Every month, millions of learners use Khan Academy in languages other than English. Over the past few years, we’ve built the tools to get our content translated for non-English learners, but the experience has always been far from perfect—for both our learners and our translators.

Two weeks ago, we hit a major milestone in improving this experience. Khan Academy users in Mexico may have noticed two exciting new things about our website:

users on Telcel, Mexico’s largest cell network, can now access Khan Academy free of data charges on both native apps and es.zero.khanacademy.org, thanks to partnership with the Carlos Slim Foundation and Telcel, and
all content on the Spanish-language Khan Academy site should now be available completely in Spanish, with no interspersed English!

These are both important milestones for our learners, our engineering team, and our team of translators. In this blog post, I’ll focus on the second one, discussing the infrastructure changes and optimizations that we needed to make in order to achieve this zero-English goal, and how we’ll adapt these changes to more languages.

What’s the problem?

Of course, translations aren’t new to Khan Academy. All our natural language content and all our user interface strings go through a third-party translations service called Crowdin, and we’ve even built extensive tooling to make this as easy as possible for translators. Indeed, our translations are updated many times per day, and our teams around the world translate millions of words monthly to help make Khan Academy available in other languages! Yet, until recently, we continued to have significant portions of our site appearing in English.

A screenshot of an exercise whose title and description are in Georgian, but about half of whose content is in English. — Though much of this exercise is translated, some crucial parts remain in English, so the exercise is effectively useless to non-English learners. (Larger view.)

There are two primary sources of untranslated content on our site: new content and changed content.

Our content creators work in English, so all new content that they add appears untranslated initially. We’ve long had a solution to this, though: each topic has a set of “listed locales,” which we use to limit the locales in which we show the enclosed content. We can simply set new content to only be listed in English; then, we can gradually add the content to more and more locales as translators translate it. While this may not be optimal (as it requires manually updating these listed locales whenever translations are completed), it works fine and solves the problem of new content appearing untranslated.

The larger problem is changes to existing content that’s already live on international sites. If we add a section to an article, or introduce some new problem types in an exercise, then those new strings will be visible immediately—but they won’t yet have translations, so they’ll appear in English.
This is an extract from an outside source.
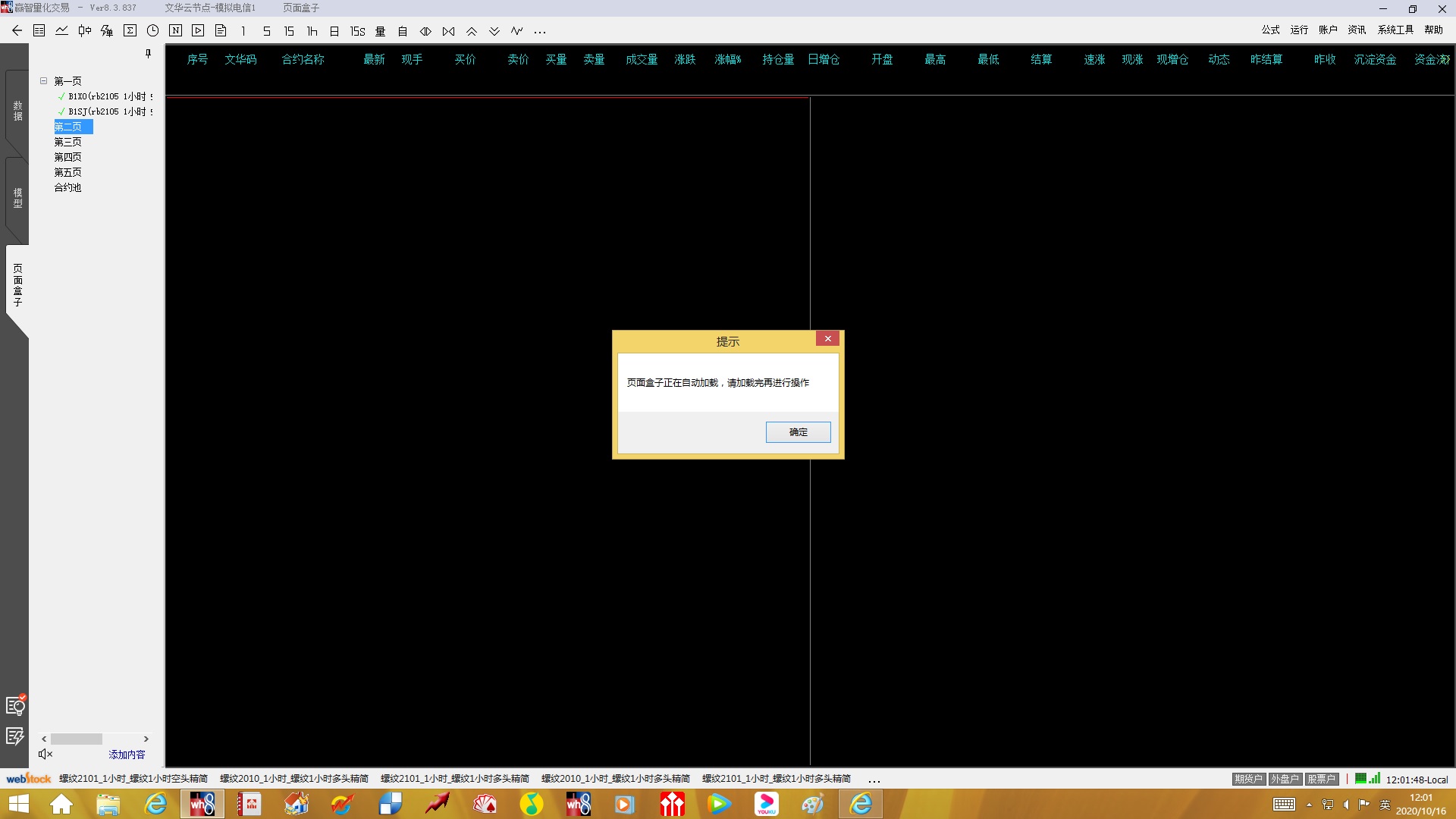 页面盒子的问题 (文华财经)投资者咨询:页面盒子的问题 (文华财经)来源:文华财经 日期:2020-10-16 12:08 今天打开软件,页面盒子第2页加载不上去,按添加内容键也操作不了,不知道出现什么问题了 文件名:无标题.jpg技术人员回复日期:2020-10-16 13:02 从截图看是您页面盒子正在计算,没有计算完 您重启软件再看下

Even small changes to existing content and metadata, like removing a space at the end of a video description, or changing a straight quote to a smart quote in an article title, will technically be new strings, so will appear untranslated.

This is a pretty big problem, because our content creators publish and update content dozens of times per day, and each publish risks reverting content to English. This wipes away translators’ work, and immediately exposes learners to a language that they may not understand.
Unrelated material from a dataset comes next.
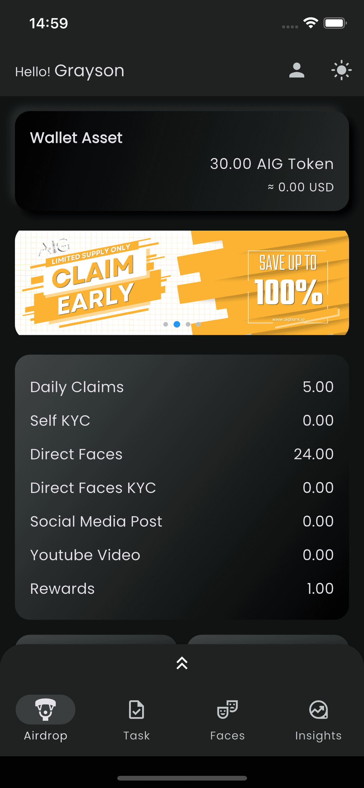 The AIG Token App lets you earn rewards through daily tasks, content sharing, and video submissions. Explore features like Faces for community recognition and Insight for tracking your token journey.
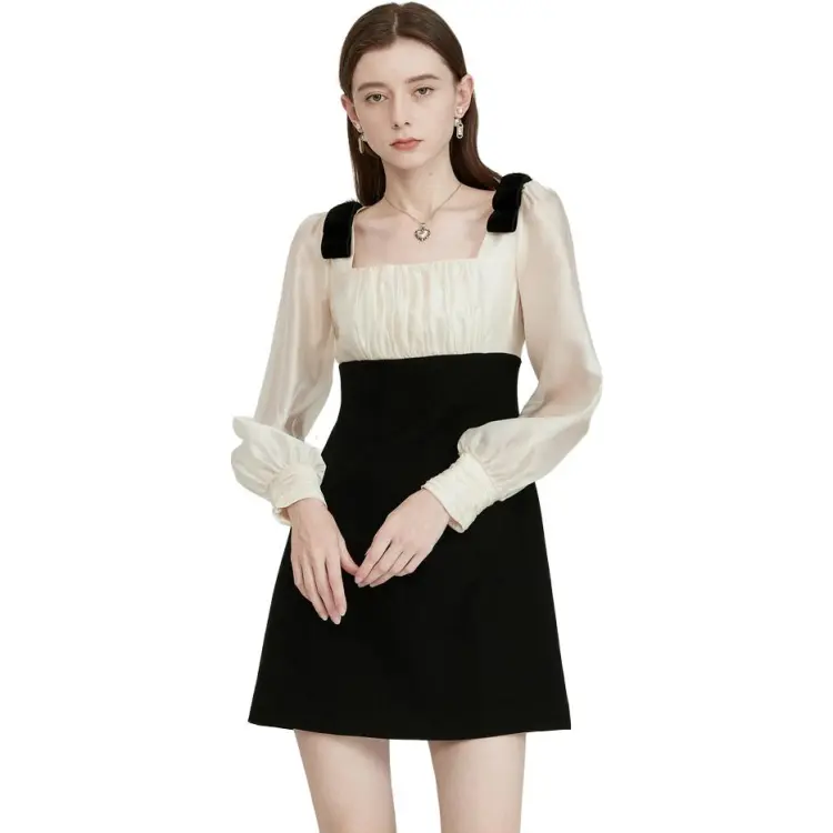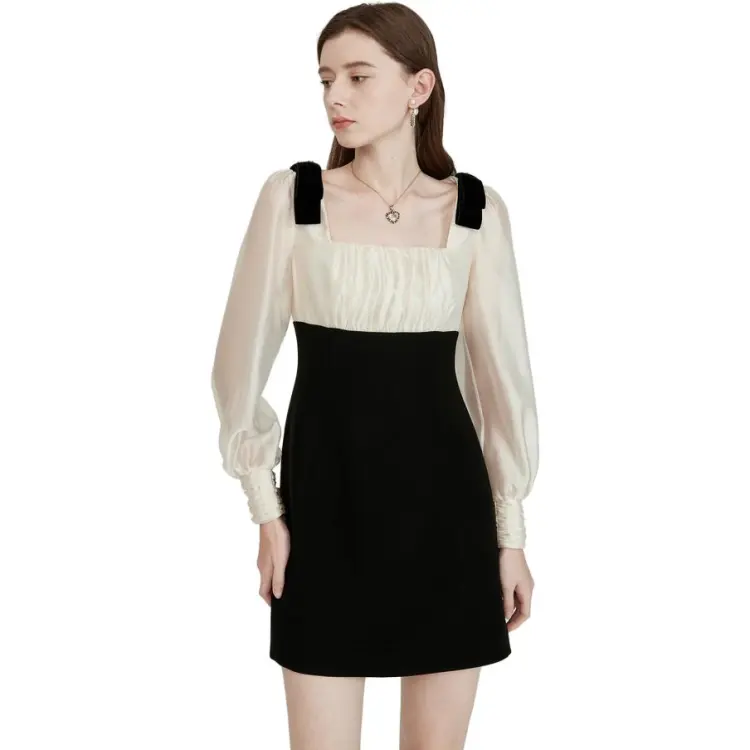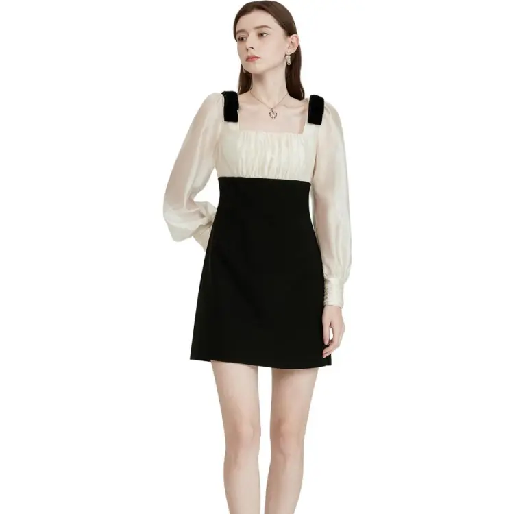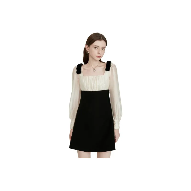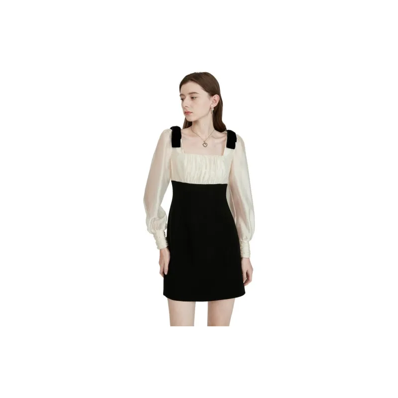 Caroline Черное Женское Длинное Платье с Рукавами

We’ve been thinking about this for a while, but it is a hard problem. Ideally, we want to give translators the ability to fix a specific version of the site, translate it, and have that version appear live for their translated site. Any further updates from the English site wouldn’t be visible on the international site until translators decide to translate it, actually translate it, and publish their updates to their site.

The first step in implementing this is simply making it possible to display different versions of the content tree on non-English sites. To actually implement this, we needed to make some wide-reaching changes to the infrastructure behind our content system.
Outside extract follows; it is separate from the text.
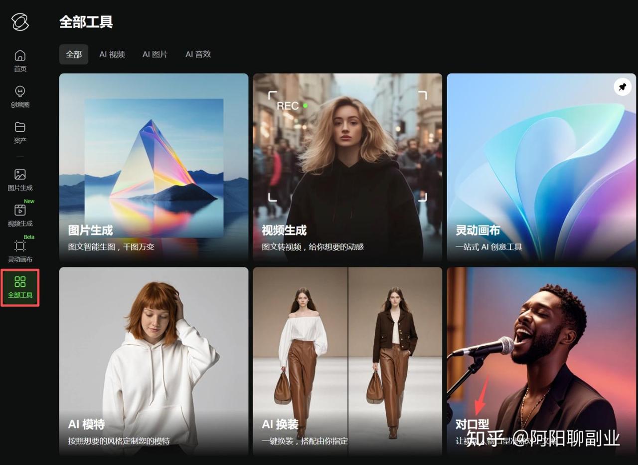 打开可灵平台https://app.klingai.com/cn/all-tools,点击左侧面板的“全部工具”接着点击右边面板的“对口型”选项,如图:

A bird’s-eye view of our content architecture

Our site runs on top of a custom CMS. To understand the required infrastructural changes, we need to understand a bit of how the CMS works.

Each content entity on our site—videos, articles, and exercises, and also the topics into which they’re arranged—is stored in an immutable Python object, called a Video (etc.). The cache of all these frozen models is stored in memory on each instance, so all requests have essentially instant access to all of our content. For evident reasons, we call this cache the frozen model store, or FMS, and we’ll be coming back to it a lot as it’s the core data structure for the site!

When a content creator makes a change to, say, update the description of a video, we create a new VideoRevision entity on the server; just like the corresponding frozen model, this entity contains all the metadata for the content. The server also sets the “editing head” for the relevant video to point to the new revision, but no changes are made to the frozen model store until the content creator publishes the change. At publish time, we grab the most recent revisions for all the entities that the content creator wants to publish, and all the currently live revisions for everything unchanged (the vast majority). We then go through and create the frozen models for each revision, adding some metadata as we go.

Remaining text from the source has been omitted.